◆ **Work instructions**: Your job with the data below is to output exactly the lines from the one holding "3.1.2样品测定:吸取50" down to the one holding "anhand einer Therapieliege", both included, and no others.

◆ **Dataset content**:
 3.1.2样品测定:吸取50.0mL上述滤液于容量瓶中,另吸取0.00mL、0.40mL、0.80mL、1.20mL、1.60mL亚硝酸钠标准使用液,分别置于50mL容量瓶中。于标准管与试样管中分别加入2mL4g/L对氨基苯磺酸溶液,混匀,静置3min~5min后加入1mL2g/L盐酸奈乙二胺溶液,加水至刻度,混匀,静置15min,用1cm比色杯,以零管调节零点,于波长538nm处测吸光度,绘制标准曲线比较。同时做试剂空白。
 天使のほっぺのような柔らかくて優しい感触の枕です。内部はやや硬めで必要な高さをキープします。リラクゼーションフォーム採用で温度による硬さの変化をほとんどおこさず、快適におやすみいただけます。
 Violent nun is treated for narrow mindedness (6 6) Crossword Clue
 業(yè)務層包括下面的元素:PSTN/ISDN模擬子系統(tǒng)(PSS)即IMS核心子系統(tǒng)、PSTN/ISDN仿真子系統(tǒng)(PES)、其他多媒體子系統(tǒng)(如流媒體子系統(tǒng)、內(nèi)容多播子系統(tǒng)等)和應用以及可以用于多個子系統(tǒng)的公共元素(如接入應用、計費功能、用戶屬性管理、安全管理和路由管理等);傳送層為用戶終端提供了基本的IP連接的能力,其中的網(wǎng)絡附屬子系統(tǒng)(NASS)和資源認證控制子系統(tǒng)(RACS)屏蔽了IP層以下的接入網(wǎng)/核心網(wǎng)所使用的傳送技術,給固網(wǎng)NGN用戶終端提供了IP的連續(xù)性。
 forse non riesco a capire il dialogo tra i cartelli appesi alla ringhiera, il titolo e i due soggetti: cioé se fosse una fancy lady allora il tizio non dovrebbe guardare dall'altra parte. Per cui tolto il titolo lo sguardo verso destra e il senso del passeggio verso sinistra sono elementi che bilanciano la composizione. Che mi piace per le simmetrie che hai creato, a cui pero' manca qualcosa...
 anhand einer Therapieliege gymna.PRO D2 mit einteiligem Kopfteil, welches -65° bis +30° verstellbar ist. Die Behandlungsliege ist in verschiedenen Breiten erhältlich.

...

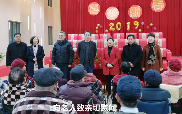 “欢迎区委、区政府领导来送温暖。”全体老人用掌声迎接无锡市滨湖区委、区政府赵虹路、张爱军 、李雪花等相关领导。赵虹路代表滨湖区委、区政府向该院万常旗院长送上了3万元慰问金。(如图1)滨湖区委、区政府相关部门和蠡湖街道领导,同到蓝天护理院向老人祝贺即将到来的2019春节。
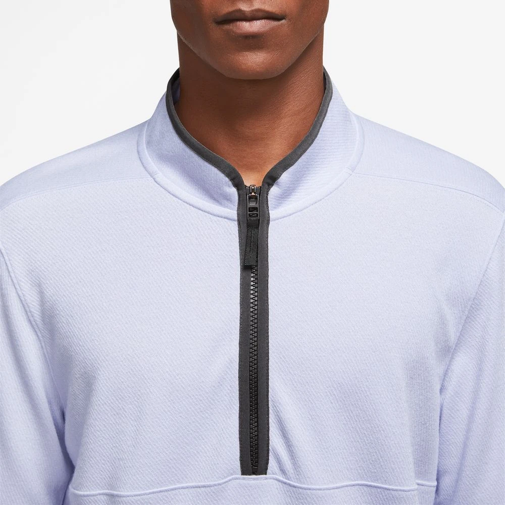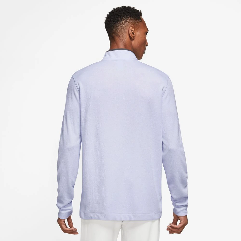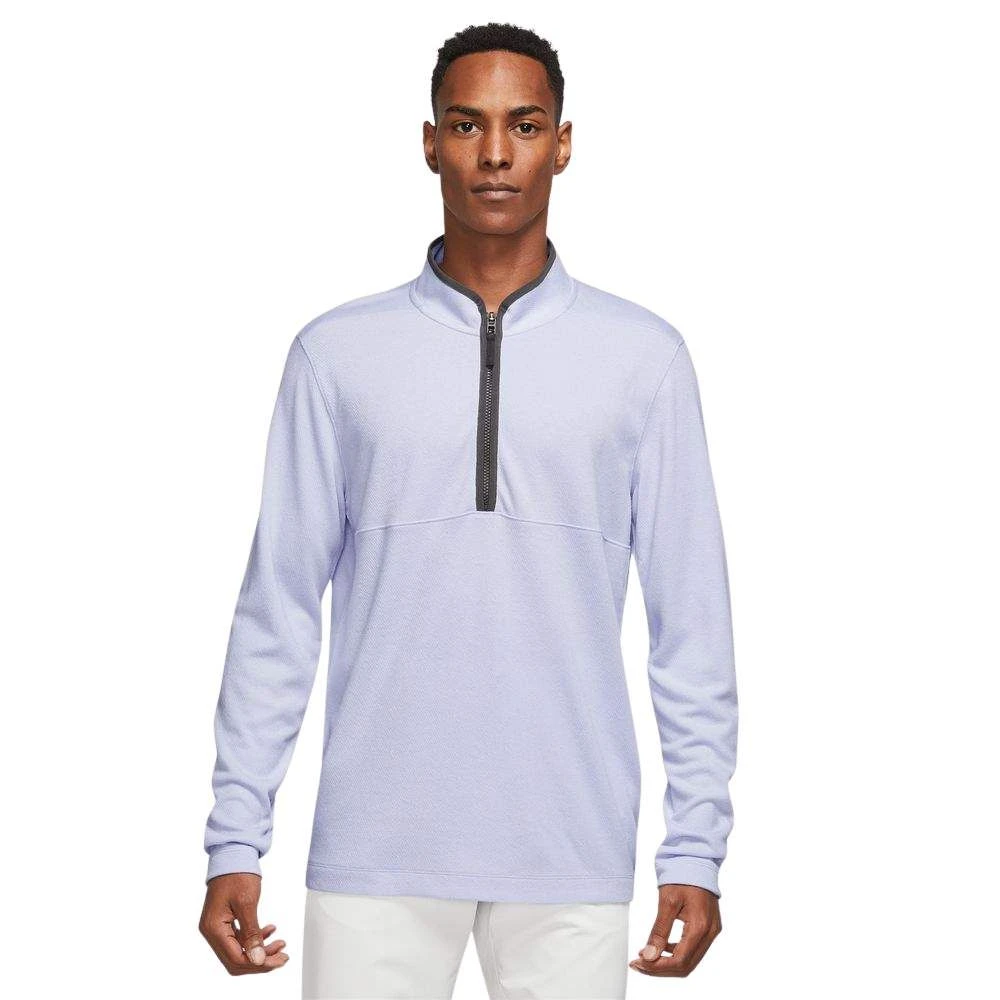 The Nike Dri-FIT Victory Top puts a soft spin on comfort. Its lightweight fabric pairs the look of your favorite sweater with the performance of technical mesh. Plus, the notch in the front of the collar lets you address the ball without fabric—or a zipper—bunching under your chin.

==

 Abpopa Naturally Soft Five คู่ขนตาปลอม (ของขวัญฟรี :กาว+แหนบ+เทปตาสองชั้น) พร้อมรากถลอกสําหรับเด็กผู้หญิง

◆ **Solution for this task**:
 3.1.2样品测定:吸取50.0mL上述滤液于容量瓶中,另吸取0.00mL、0.40mL、0.80mL、1.20mL、1.60mL亚硝酸钠标准使用液,分别置于50mL容量瓶中。于标准管与试样管中分别加入2mL4g/L对氨基苯磺酸溶液,混匀,静置3min~5min后加入1mL2g/L盐酸奈乙二胺溶液,加水至刻度,混匀,静置15min,用1cm比色杯,以零管调节零点,于波长538nm处测吸光度,绘制标准曲线比较。同时做试剂空白。
 天使のほっぺのような柔らかくて優しい感触の枕です。内部はやや硬めで必要な高さをキープします。リラクゼーションフォーム採用で温度による硬さの変化をほとんどおこさず、快適におやすみいただけます。
 Violent nun is treated for narrow mindedness (6 6) Crossword Clue
 業(yè)務層包括下面的元素:PSTN/ISDN模擬子系統(tǒng)(PSS)即IMS核心子系統(tǒng)、PSTN/ISDN仿真子系統(tǒng)(PES)、其他多媒體子系統(tǒng)(如流媒體子系統(tǒng)、內(nèi)容多播子系統(tǒng)等)和應用以及可以用于多個子系統(tǒng)的公共元素(如接入應用、計費功能、用戶屬性管理、安全管理和路由管理等);傳送層為用戶終端提供了基本的IP連接的能力,其中的網(wǎng)絡附屬子系統(tǒng)(NASS)和資源認證控制子系統(tǒng)(RACS)屏蔽了IP層以下的接入網(wǎng)/核心網(wǎng)所使用的傳送技術,給固網(wǎng)NGN用戶終端提供了IP的連續(xù)性。
 forse non riesco a capire il dialogo tra i cartelli appesi alla ringhiera, il titolo e i due soggetti: cioé se fosse una fancy lady allora il tizio non dovrebbe guardare dall'altra parte. Per cui tolto il titolo lo sguardo verso destra e il senso del passeggio verso sinistra sono elementi che bilanciano la composizione. Che mi piace per le simmetrie che hai creato, a cui pero' manca qualcosa...
 anhand einer Therapieliege gymna.PRO D2 mit einteiligem Kopfteil, welches -65° bis +30° verstellbar ist. Die Behandlungsliege ist in verschiedenen Breiten erhältlich.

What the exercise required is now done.